Week 10

I’m back in Houston.

This is my hope for this blog entry: Provide you reader with a true, succinct sense of my time in Costa Rica.

The summer was broken into three fundamental parts:

  1. Research into potential projects for both the GMI team and future Rice students based on the medical needs of Costa Rica’s middle to low class population
  2. A short class with Costa Rican university under graduates on the fundamentals of design (with an emphasis on the medical field).
  3. A technical internship with an America-based medical equipment company (in my case, St. Jude Medical).

We lived for most of the internship in fully furnished condominiums, about a 0.75mile walk from a grocery store and a .25mile walk from a mall with necessary non-food amenities. For Erica and I, work was about a 30 to 45-minute drive (by a contracted shuttle service). While safety was never really an issue (we stayed in a relatively tourist-friendly part of town), walking alone at night was strongly, strongly discouraged—no different from any big city. Being a white, female also meant most people assumed I did not speak Spanish (75% correct), not necessarily a bad thing.

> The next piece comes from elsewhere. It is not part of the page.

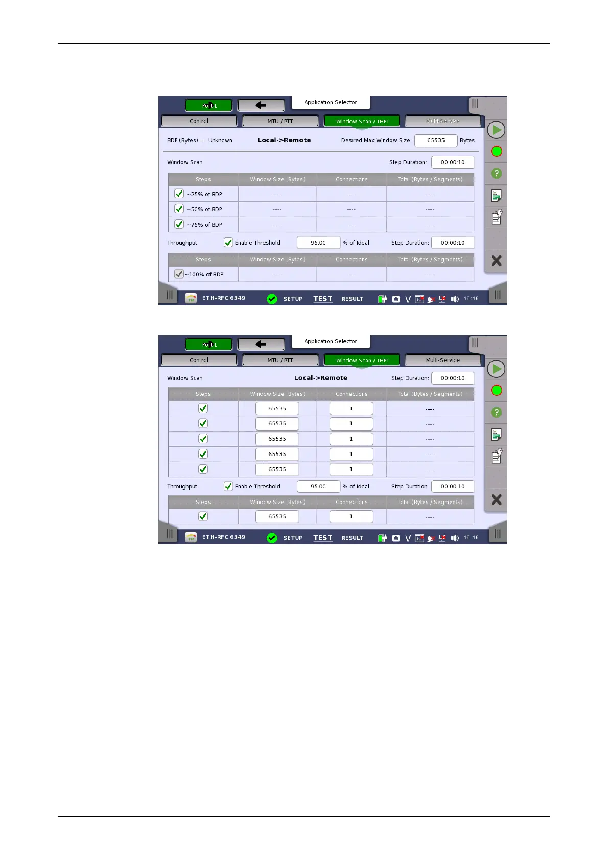 "Control" screen, calculated BDP (Bandwidth-Delay Product) appears.

My internship went very well. While it was in the manufacturing division, not the type of job I am truly interested in, my primary project was modifying a process with the test and design of a new fixture. This involved detailed testing on current process, potential impact of process change, feasibility and stress dynamics of the new fixture design, and cost analysis.

While I worked at St. Jude I learned how to communicate clearly my thoughts and ideas. Most engineers were required to have some familiarity with the English language but this varied vastly. Some were fluent, others had just a passing understanding of the language. Operators, who I worked closely with for some of the testing, spoke no English at all. I was given a lot of independence at my job. This was both good in that I had freedom to do what I needed to do, but it was also hard in that at times I lacked the necessary help and resources—slowing down my project’s process through my own inability to communicate.

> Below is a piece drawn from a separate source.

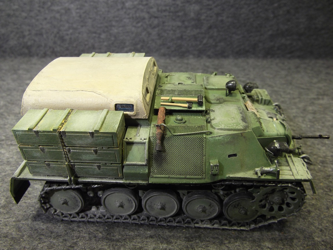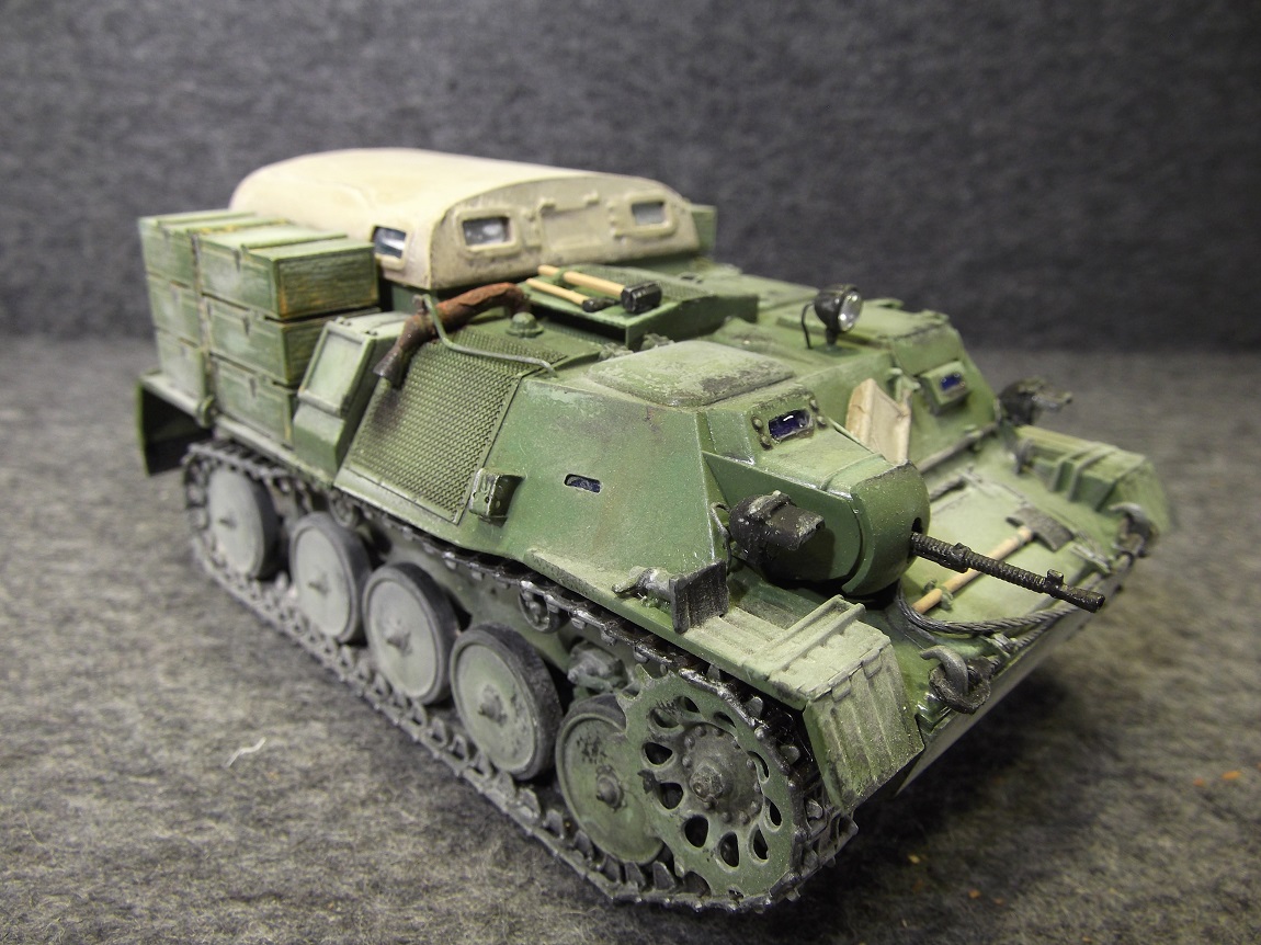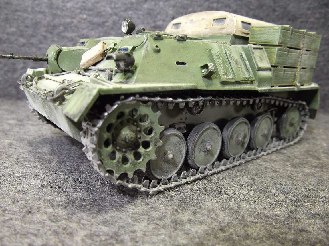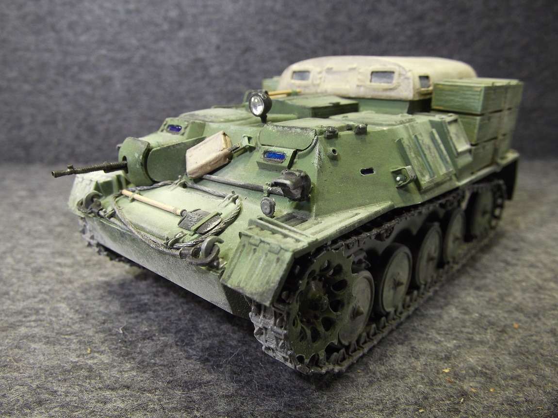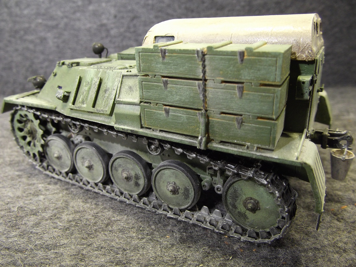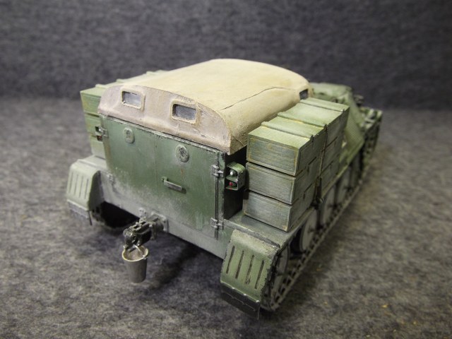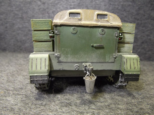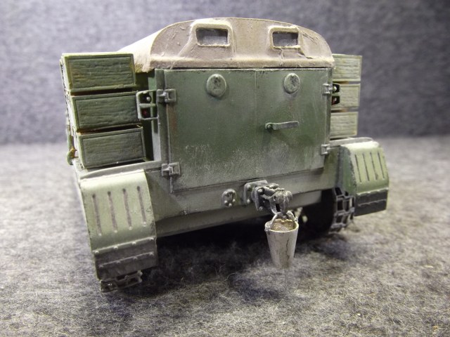 Теперь по самой модели. Довольно много мелких деталей, да и модель небольшая, длиною 11 см. Стыковка хорошая, качество литья тоже. Использовал две платы травления.Поменял фару, сделал буксировочный трос. Изготовил чехол с защитным колпаком механика-водителя. Сзади на крюк просилось добавить ведро. Доработал тент и добавил спинки сидений. Не нашел металлических траков. Пришлось помучится, на сколько мог сделать хоть какие-то провисы. Краска, смывки, масло, пигменты как обычно. Немного добавил пыли. Вроде все.

The short course was fascinating but perhaps not in the way you expect a course to be. Most of the curriculum covered involved things I already knew from undergraduate—the basics in product design. What was interesting was seeing how a handful of Costa Rican students, who had never before met and who didn’t know the fundamentals, tackled the hands-on projects of this course. I was proud and amazed at what they accomplished, their passion, and their diligence. It was a good experience because it showed me the power of the unexpected and how people can come together.

Overall my time in Costa Rica was hard, feeling like an outsider is never easy, but meaningful and powerful. I learned things about people, about culture, and in some ways, even about myself. I know more about what I want to do and how I want to do it.